The 11 lawmakers, all members of the U.S. House Judiciary Committee, termed their letter an effort to “memorialize our understanding” of the intelligence community’s plan to provide an estimate in real numbers, not percentages, as soon as January that can be shared with the public.
“The timely production of this information is incredibly important to informed debate on Section 702 in the next Congress— and, without it, even those of us inclined to support re-authorization would have reason for concern,” the letter said.
Section 702 will expire on December 31, 2017, absent congressional action. It enables two internet surveillance programs called Prism and Upstream that were revealed in a series of leaks by former NSA contractor Edward Snowden more than three years ago.

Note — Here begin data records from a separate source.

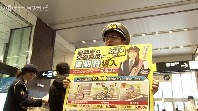 1日朝、富山駅周辺などでは警察官がビラを配りながら青切符適用の周知を図ったほか取り締まりも行われました。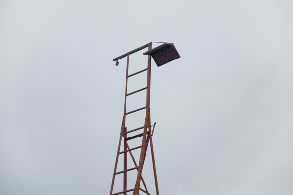 脚立型ような形状の櫓。正面の横桁は梯子状に組まれており、それ以外はX字状のブレースとなっている。 半鐘用の小屋根は上部に掛けられているが、半鐘自体は下部に吊るされている。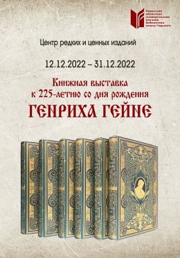 С 12 декабря по 31 декабря в читальном зале Центра редких и ценных изданий работает книжная выставка, посвященная 225-летию со дня рождения Генриха Гейне.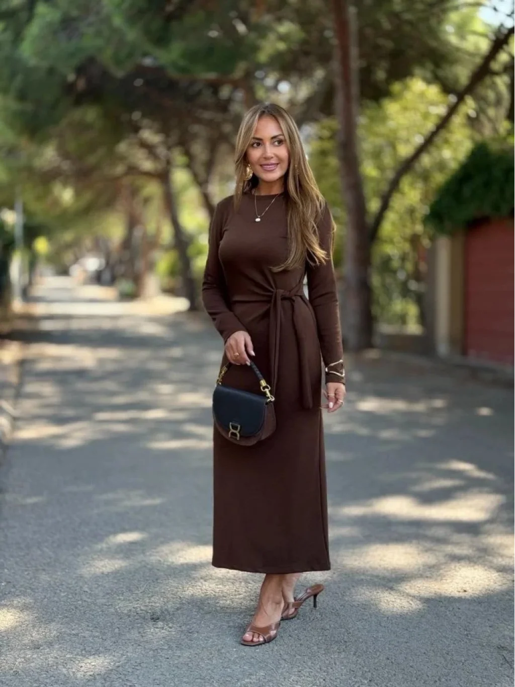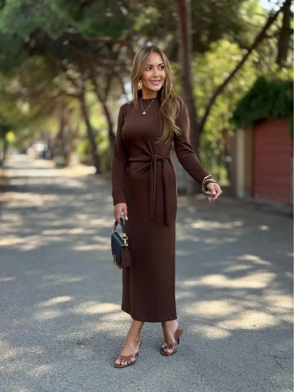 Kadın Uzun Kollu Bisiklet Yaka Yandan Bağlamalı Uzun Modal Elbise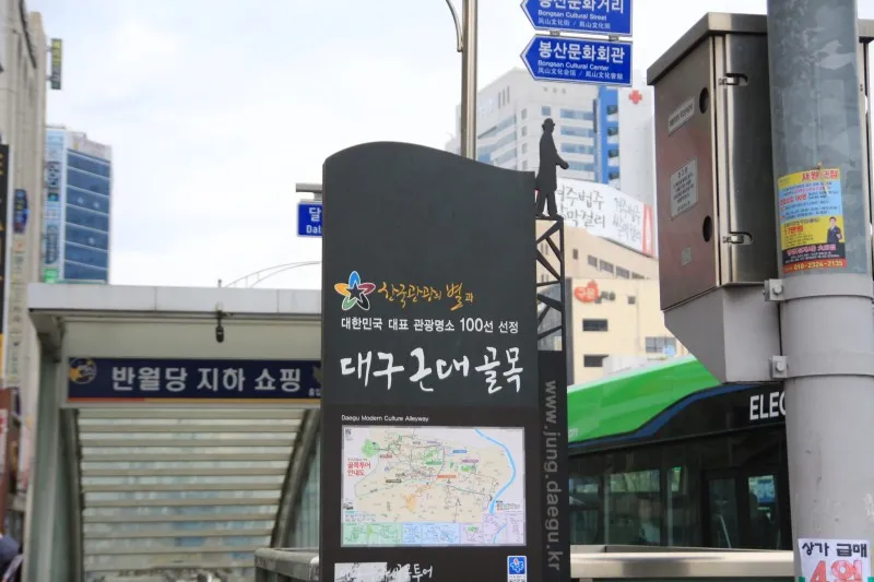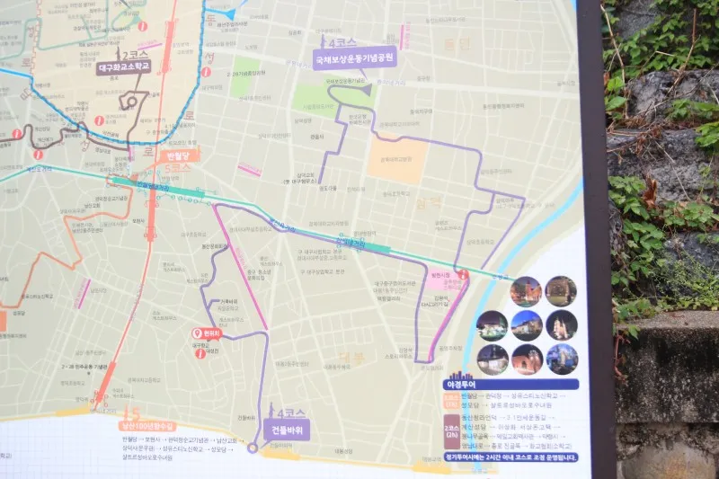 국채보상운동기념공원 - 한국은행 화폐전시관 - 관음사 - 삼덕교회 - 영도다움 - 삼덕마루 - 김광석다시그리기길(방천시장) - 구 대구상업학교 - 봉산문화거리 - 거북바위(제일중학교) - 대구향교 - 건들바위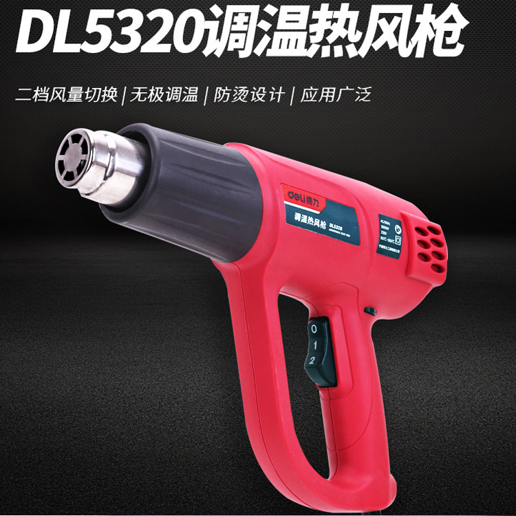 得力調(diào)溫?zé)犸L(fēng)槍DL5320烤槍尼龍不銹鋼材質(zhì)吸熱收縮軟化熱風(fēng)機(jī)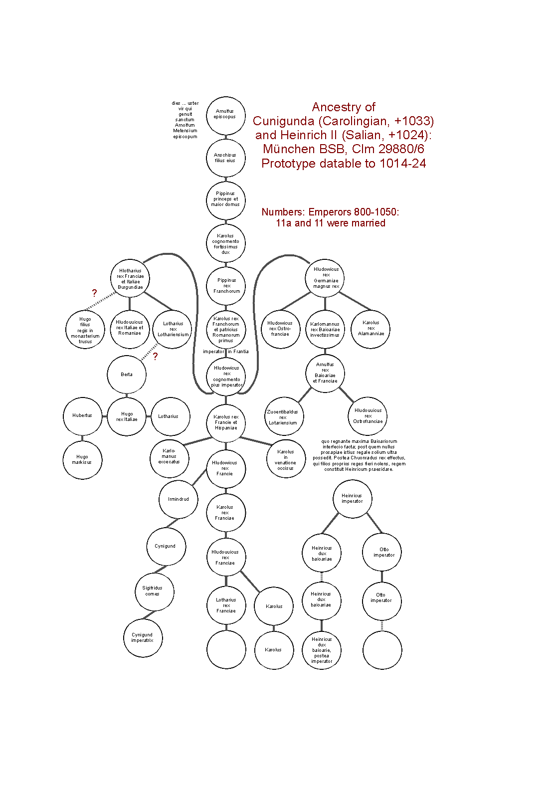 Schmid's study of the Stemma was especially interesting. He instantly recognized that its subject and focus is Cunigunde (at the bottom left), not Charlemagne or any of the figures high up the diagram.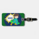 A boy in a cool blue and green superhero costume and cape next to a yellow action bubble personalised with your child's name. A cute custom action hero luggage tag for childrens travel.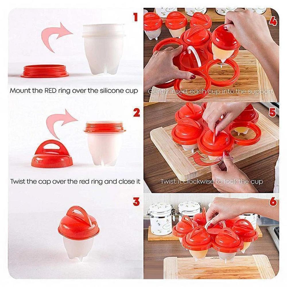 The perfect hard-boiled egg cooker without the shell. BPA Free non-stick silicone pods make cooking eggs easier than ever! Easy to use. just sprayed oil in a cup and wiped to evenly distribute. crack open the eggs. pour into an egg cooker. boil and pop eggs out of the cup.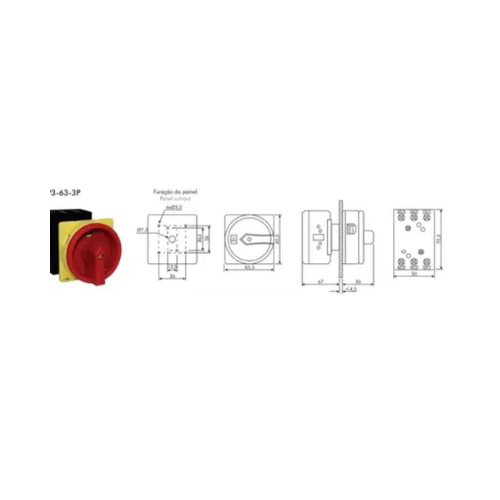 • Corrente Nominal (Ith): 63A • Tensão Nominal de Operação (Ue): 690V • Tensão nominal de impulso suportável (Uimp): 4kV • Grau de proteção: IP30 • Montagem em Painel • Manopla Vermelho/Amarela • Bloqueável por Cadeado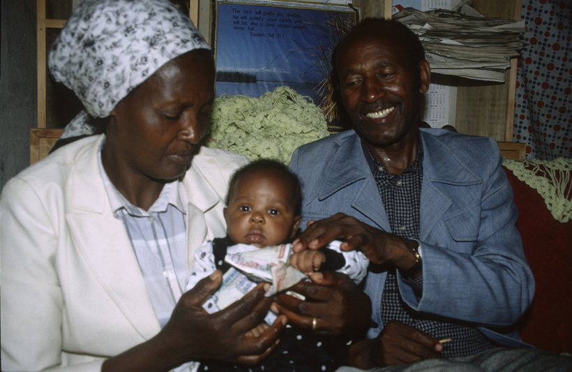 1992. Afrika, Ostafrika, Republik Kenia, Republic of Kenya, Jamhuri ya Kenya (Kisuaheli). Eltern mit Baby. Mutter, Vater, Kind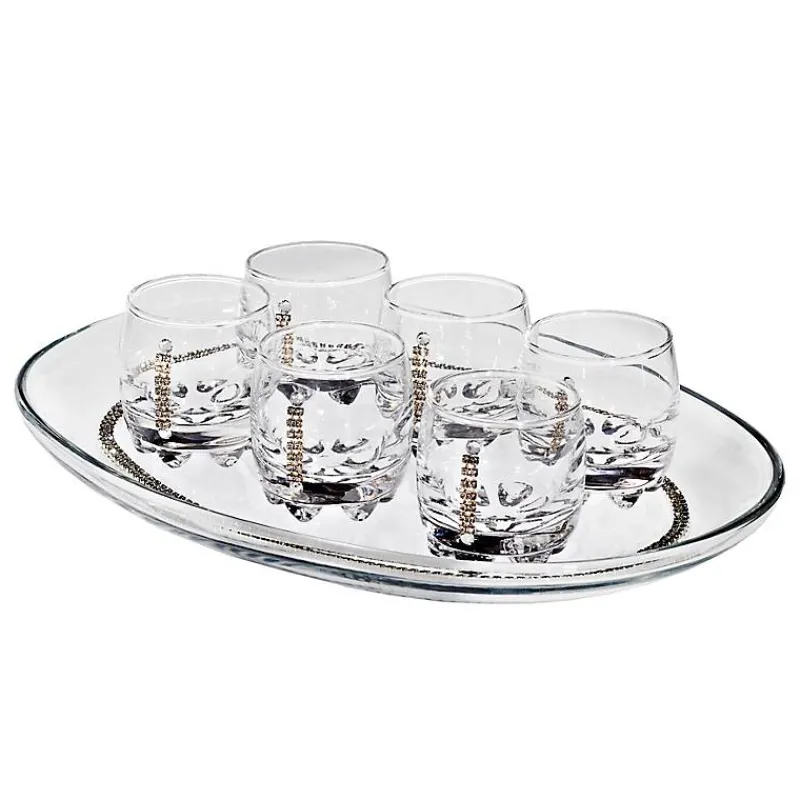 Höhe: Glas: ca. 5,5 cm Tablett: ca. 2,5 cm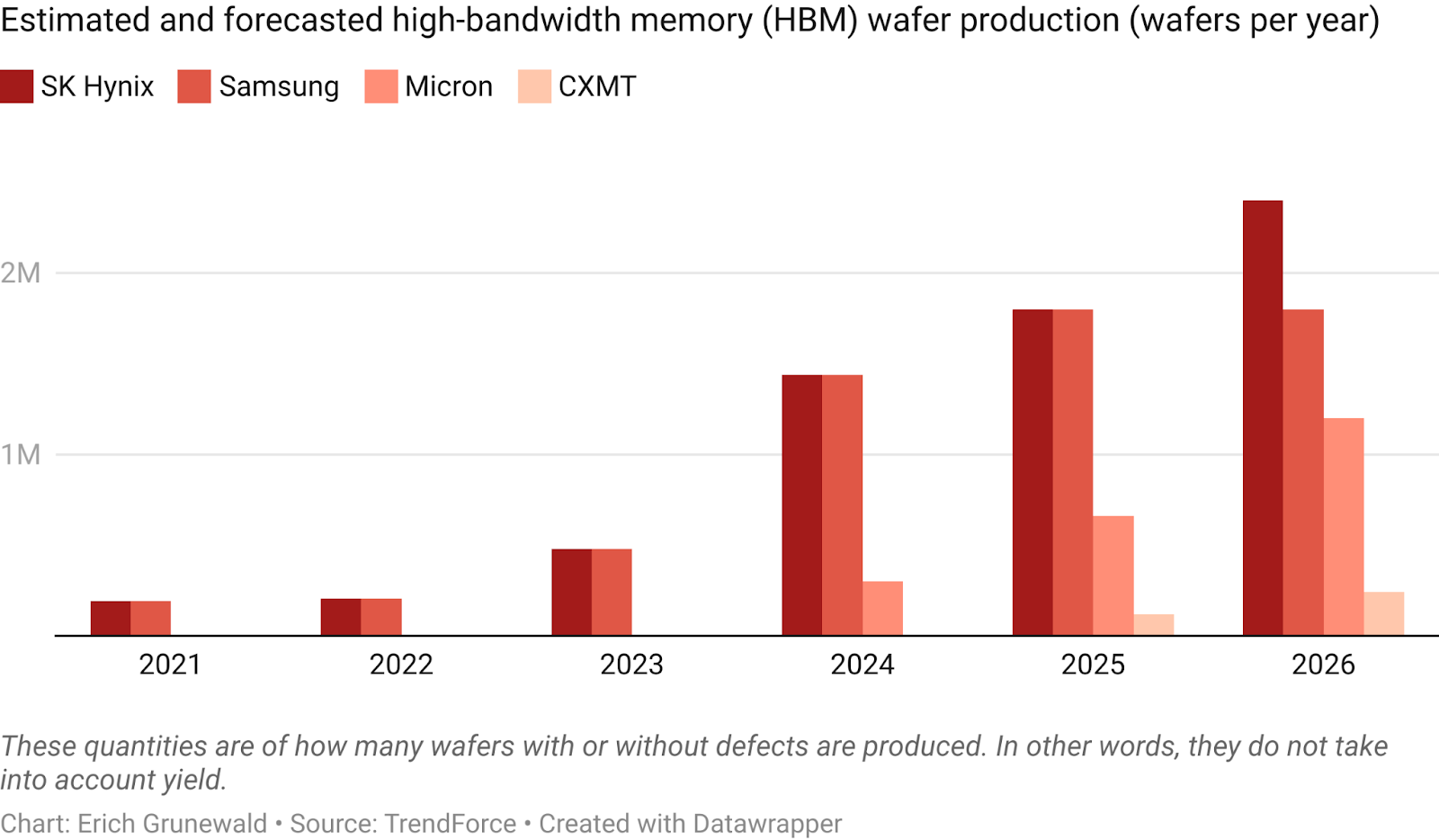 This concentration in HBM production reflects decades of global competition that left South Korean and US companies in command; Chinese players like ChangXin Memory Technologies (CXMT) are still racing to catch up.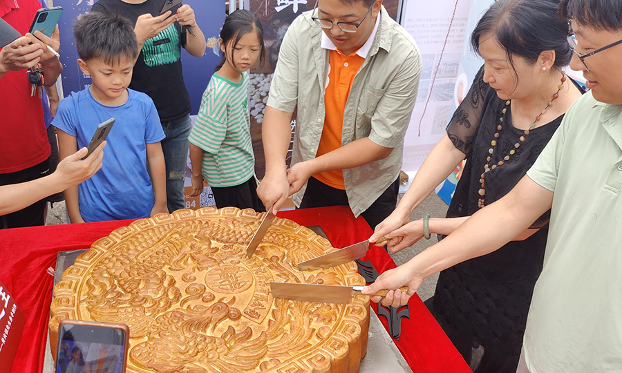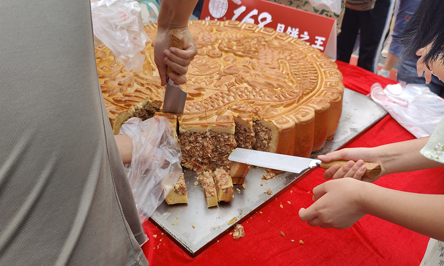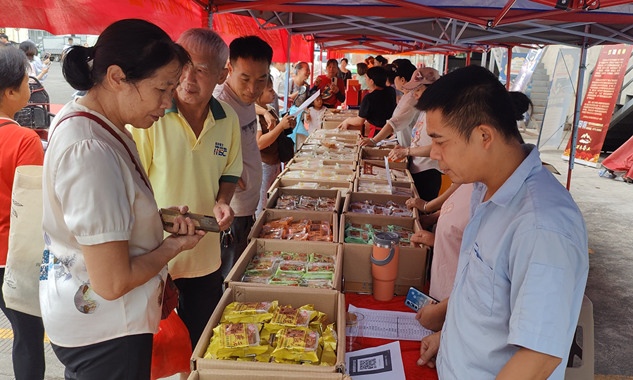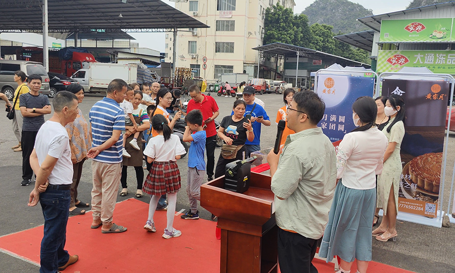 活動現(xiàn)場,萬禾集團(tuán)五里店市場支部聯(lián)合黃家月等月餅品牌商組織開展“168斤月餅王”嘗鮮為主題的系列活動,支部黨員干部、市場經(jīng)營戶代表以及市場各職能部門員工參加活動,與前來桂林五里店果蔬批發(fā)市場購物的市民同慶中秋國慶佳節(jié)來臨,共話團(tuán)圓美好。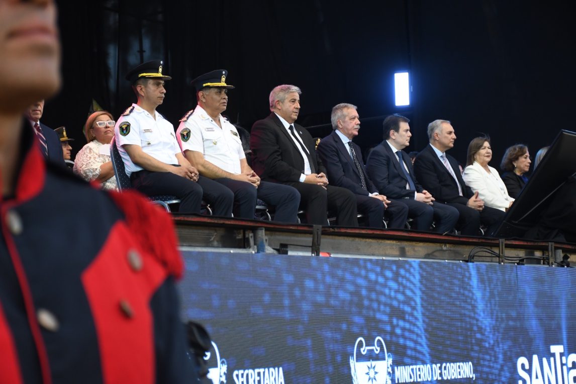 El evento fue presidido por el gobernador Gerardo Zamora, acompañado por el jefe de Gabinete y gobernador electo, Elías Suárez, y contó con la presencia de la presidenta provisional de la Legislatura, Norma Abdala de Matarazzo, ministros, secretarios, legisladores provinciales y nacionales, así como representantes de fuerzas de seguridad extranjeras, incluyendo delegaciones de China y Japón, reforzando el carácter institucional e internacional del acto.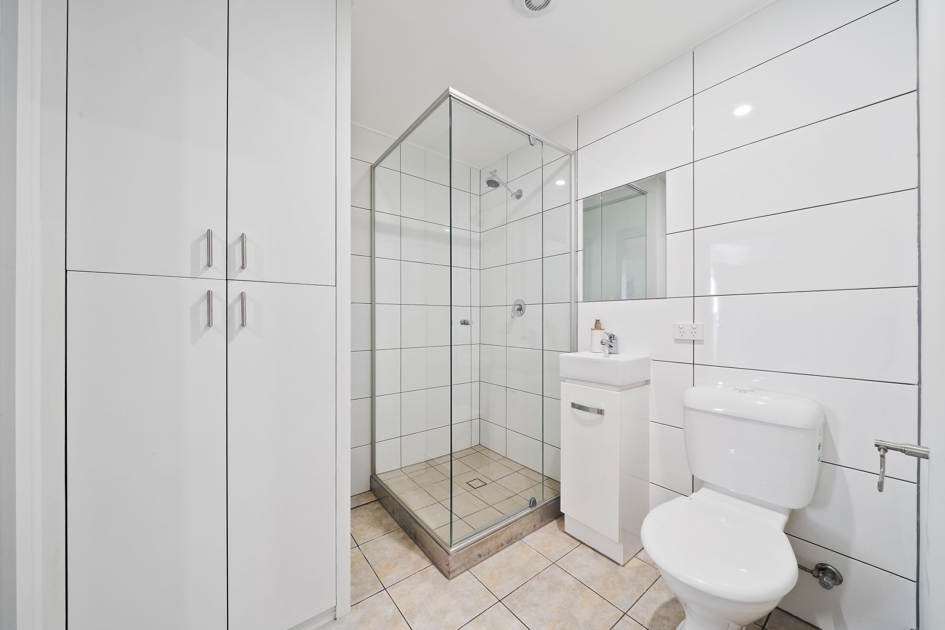 - Bathroom two is conveniently located downstairs and features shower, single vanity, floor-to-ceiling tiles and toilet.
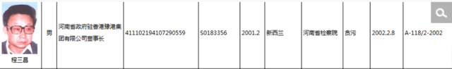 此后,程三昌又担任河南省政府驻香港豫港集团有限公司董事长。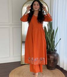 | Product Name | Floral Embroidered Orange V Neck Cotton Kurta Set With Trouser | |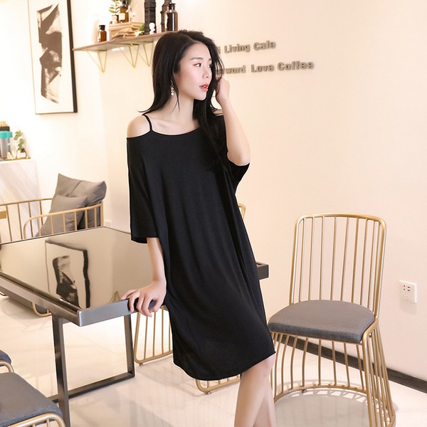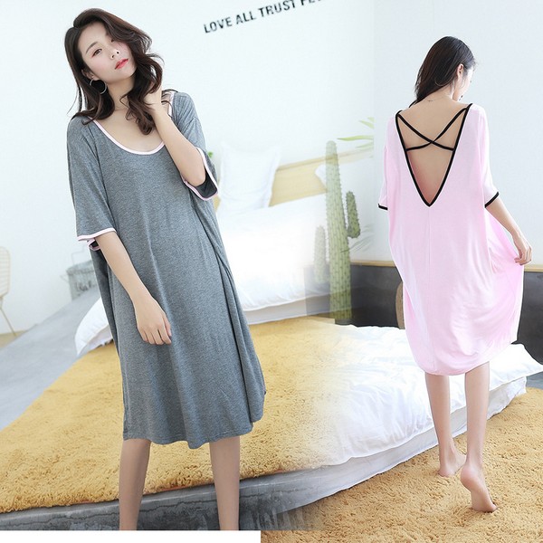 薄手の柔らかストレッチ素材 ゆったりドルマンデザイン ロング丈Tシャツワンピース マタニティ 授乳服 パジャマ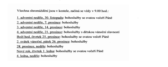 | So 25.12. 2021 | Narození Páně | v 8:30 hod. bohoslužby v kostele s vysluhováním Večeře Páně – káže Libor Chaloupka |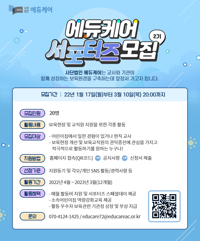 ★에듀케어 서포터즈 2기 모집안내★ 2022.02.23 |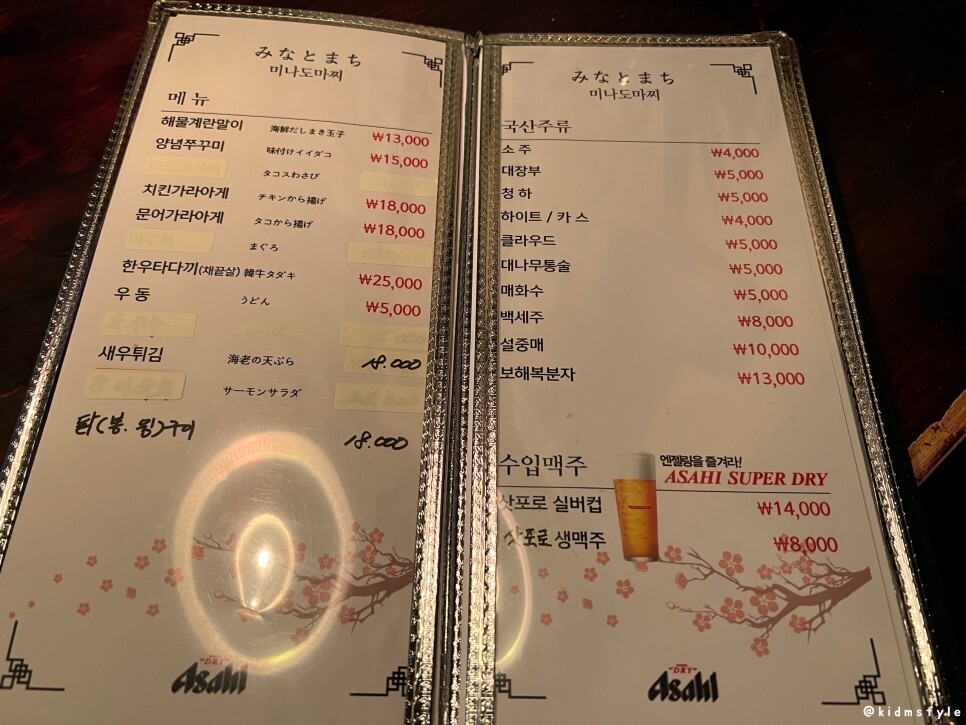 해운대 미나미가 본점이고 미나미 남포점 이곳은 분점이다. 미나미 みなみ는 일본어로 남쪽이라는 뜻이다. 예전에 해운대 본점에서도 참 많이 마셨던 기억이 난다.

Intelligence officials have said that data about Americans is “incidentally” collected under Section 702, due to a range of technical and practical reasons. Critics have assailed such collection as back-door surveillance of Americans without a warrant.
Clapper, who is stepping down next month, suggested in April that providing an estimate of Americans surveilled under Section 702, a figure some have said could tally in the millions, might be possible, while defending the law as “a prolific producer of critical intelligence.”
Republicans James Sensenbrenner, Darrell Issa, Ted Poe and Jason Chaffetz signed the letter, in addition to Democrats John Conyers, Jerrold Nadler, Zoe Lofgren, Hank Johnson, Ted Deutch, Suzan DelBene and David Cicilline.